Vector linear combination: cartesian vs. polar

Question

Let $\vec{v}\in\mathbb{R}^2$ be a vector in cartesian coordinates that can be written as the linear combination of its vector components and the unit base vectors $(\vec{e}_1,\vec{e}_2)$, e.g.: $$ \vec{v}=x\,\vec{e}_1+y\,\vec{e}_2 \,.$$

My understanding of coordinate transforms is still pretty limited, but I understand there are some important distinctions to be made:

1. The vector itself is different from the vector components
2. If we change to a different coordinate system, the vector components have to change
3. If we change to a different coordinate system, the base vectors have to change as well

So, the linear combination in polar coordinates $$ \vec{v}=r\,\vec{e}_r+\theta\,\vec{e}_\theta \,.$$ should yield the same vector as before. To see if that's true, I chose $\vec{v}=(x,y)^T=(1,1)^T$.

First, let's compute the unit base vectors $(\vec{e}_r,\vec{e}_\theta)^T$ in polar coordinates. We have $$ \vec{v}=\begin{pmatrix} x \\ y \end{pmatrix}=\begin{pmatrix} r\,\cos\theta \\ r\,\sin\theta \end{pmatrix} \,.$$ With that, the unit base vectors in polar coordinates become $$ \vec{e}_r = \frac{1}{h_r}\frac{\partial \vec{v}}{\partial r} = \begin{pmatrix}\cos\theta \\ \sin\theta \end{pmatrix}\quad , \quad \vec{e}_\theta = \frac{1}{h_\theta}\frac{\partial \vec{v}}{\partial \theta} = \frac{1}{r}\begin{pmatrix} -r\sin\theta \\ r\,\cos\theta \end{pmatrix} \,.$$

I did not want to "silently" apply the scale factors $h_r=1$, $h_\theta=r$ to make it more clear how to get from the base vectors to the unit base vectors.

The vector components in polar coordinates are $$ \begin{pmatrix} r \\ \theta \end{pmatrix} = \begin{pmatrix} \sqrt{x^2+y^2} \\ \arctan{y/x} \end{pmatrix} = \begin{pmatrix} \sqrt{2} \\ \pi/4 \end{pmatrix} $$

Now, all that is left is to plug in all that we have and we should get the vector that we started with: \begin{align} \vec{v} = r\,\vec{e}_r + \theta\,\vec{e}_\theta &= \sqrt{2}\begin{pmatrix} \cos\pi/4 \\ \sin\pi/4 \end{pmatrix} + \frac{\pi}{4}\begin{pmatrix} -\sin\pi/4 \\ \cos\pi/4 \end{pmatrix}= \\[8pt] &=\begin{pmatrix} 1 \\ 1 \end{pmatrix} + \frac{\pi}{4\sqrt{2}}\begin{pmatrix} -1 \\ 1 \end{pmatrix} \end{align} which is not the same vector that we began with in cartesian coordinates. What did I miss?

Answer 1

You are confusing coordinates of a point with components of a vector. It so happens that in flat space points can be represented with position vectors, but generally you need to keep vectors and points distinct. A point is a location and a vector is a direction from a given location. All of this to say that the expression $r\vec e_r + \theta\vec e_\theta$ makes no sense.

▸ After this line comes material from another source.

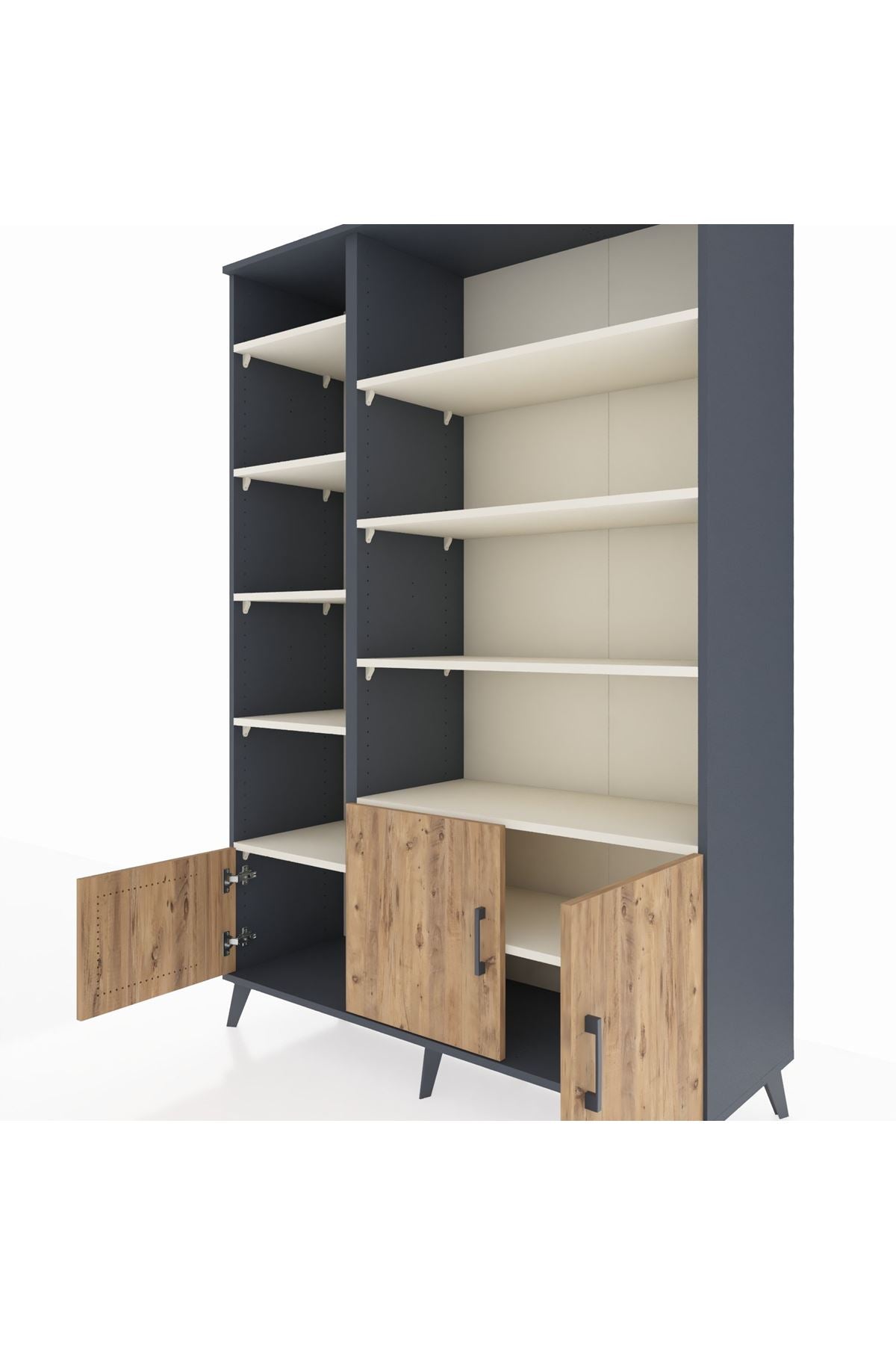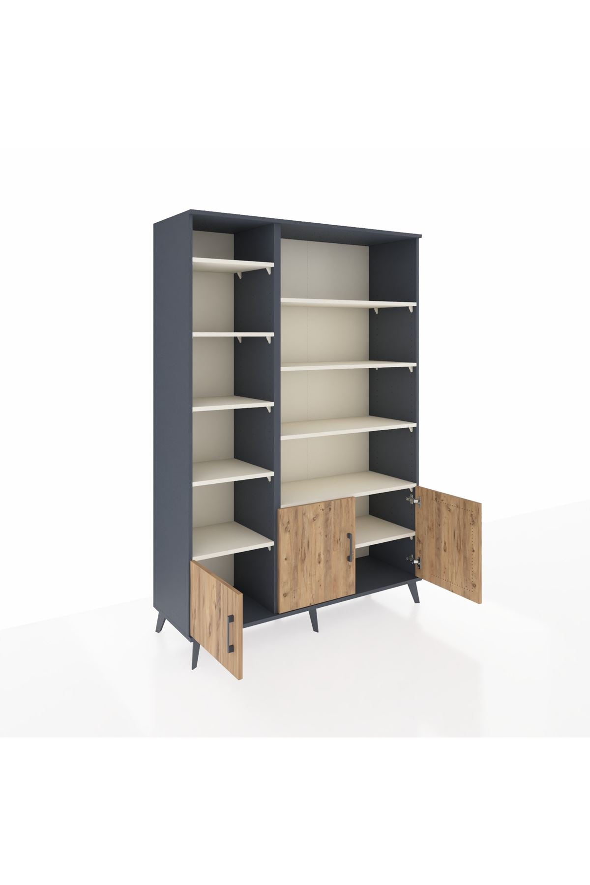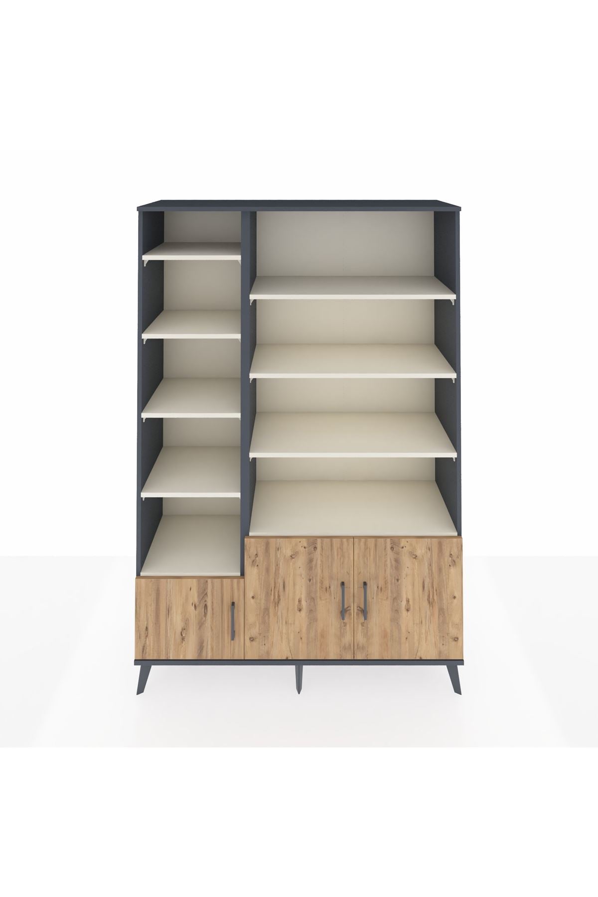 Hyperion Dolap 10 Raflı 3 Kapaklı 132x44x195 Antrasit-Çam/Aytaşı
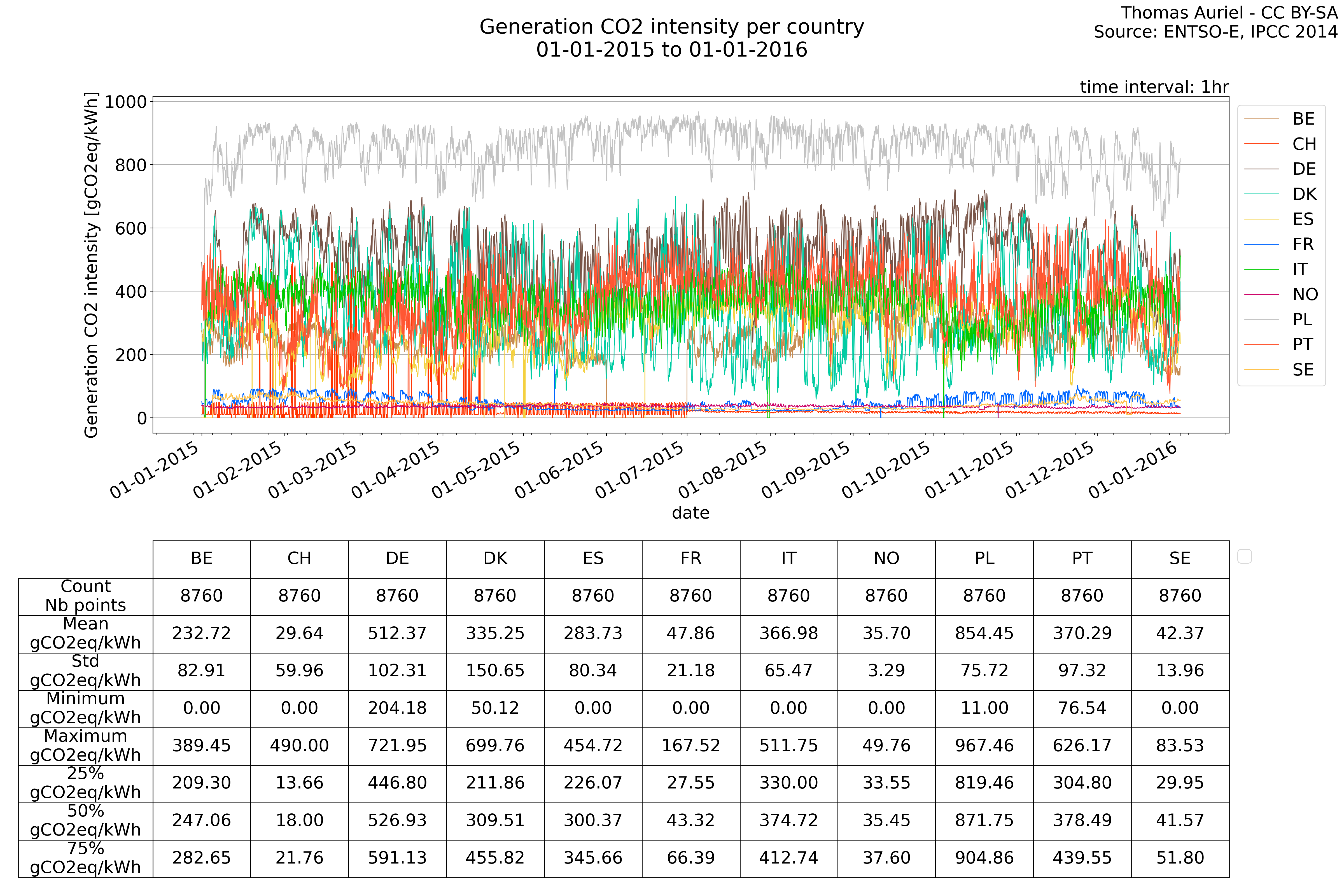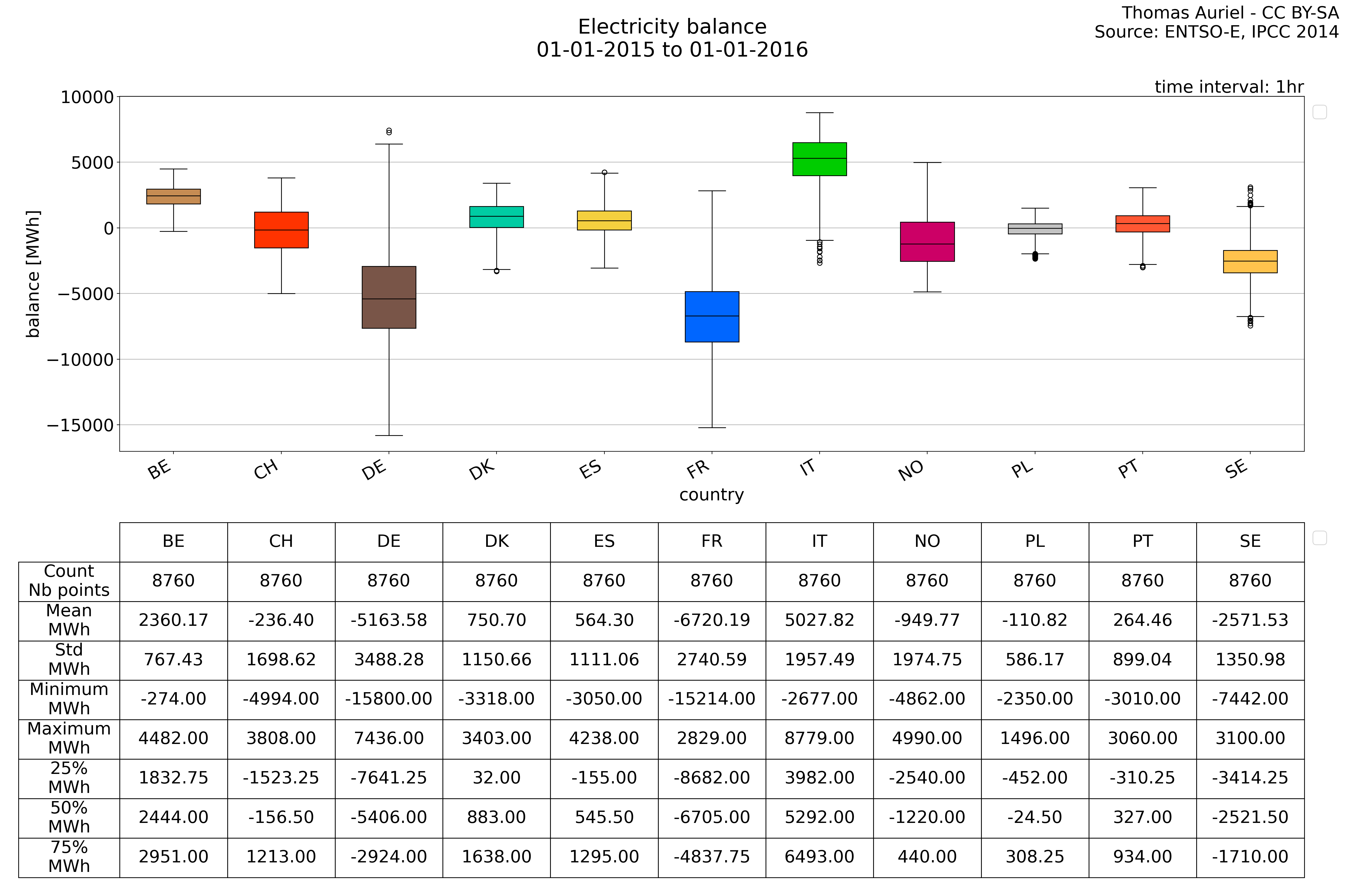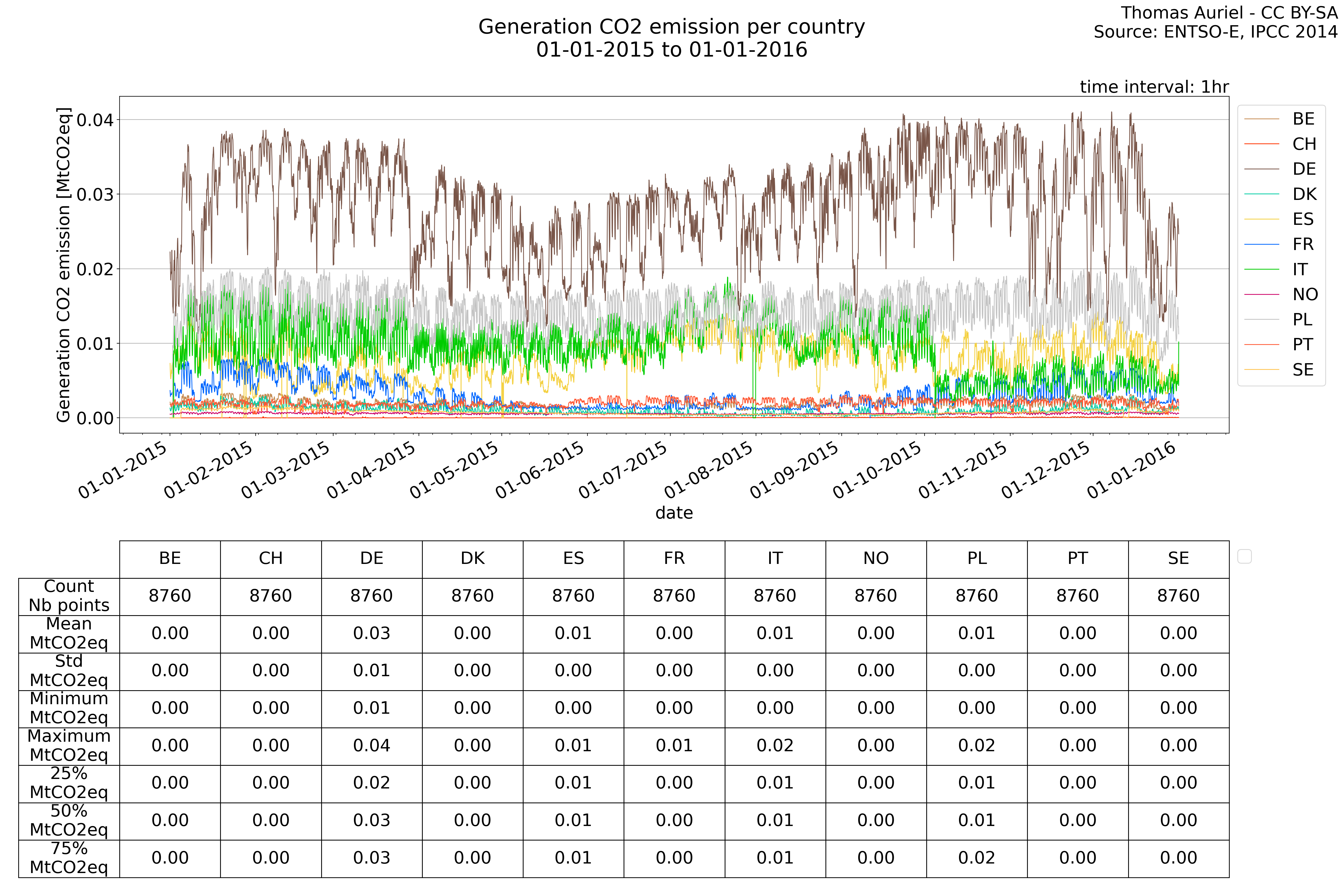 In these hourly line plots, the x-axis spans the entire year, with hours as individual data points. The y-axis represents the values of production, exchange, consumption, and data emissions, but unlike cumulative plots, these plots are designed for quality control purposes. Each line on the plot corresponds to a specific country and is used to identify data irregularities, holes, or artifacts that may occur within the year. By examining these plots, it is possible to spot discrepancies or missing data points in the hourly records, ensuring data integrity.

Remember that $\vec e_r$ and $\vec e_\theta$ depend on $r, \theta$; this is because they give a basis to specify directions (vectors) from the location (point) with coordinates $(r,\theta)$.

It so happens (in what could be considered a coincidence) that the position vector of a point with coordinates $(r,\theta)$ is $r\vec e_r(r,\theta)$.

Answer 2

Welcome to MSE. Your confusion probably stems from the fact that you are assuming the new coordinates of $v$ to be $(\sqrt 2,\pi/4)$. Note that with $r = \sqrt 2$ and $\theta = \pi/4$, then $$e_r = \frac{\sqrt 2}{2}v \quad \Longleftrightarrow \quad v = \sqrt 2 e_r.$$ So $v = e_1+e_2 = \sqrt 2 e_r$, meaning that in terms of the standard basis $v$ is $(1,1)$, whereas in the new basis it is $(\sqrt 2,0)$ (and not $(\sqrt 2,\pi/4)$).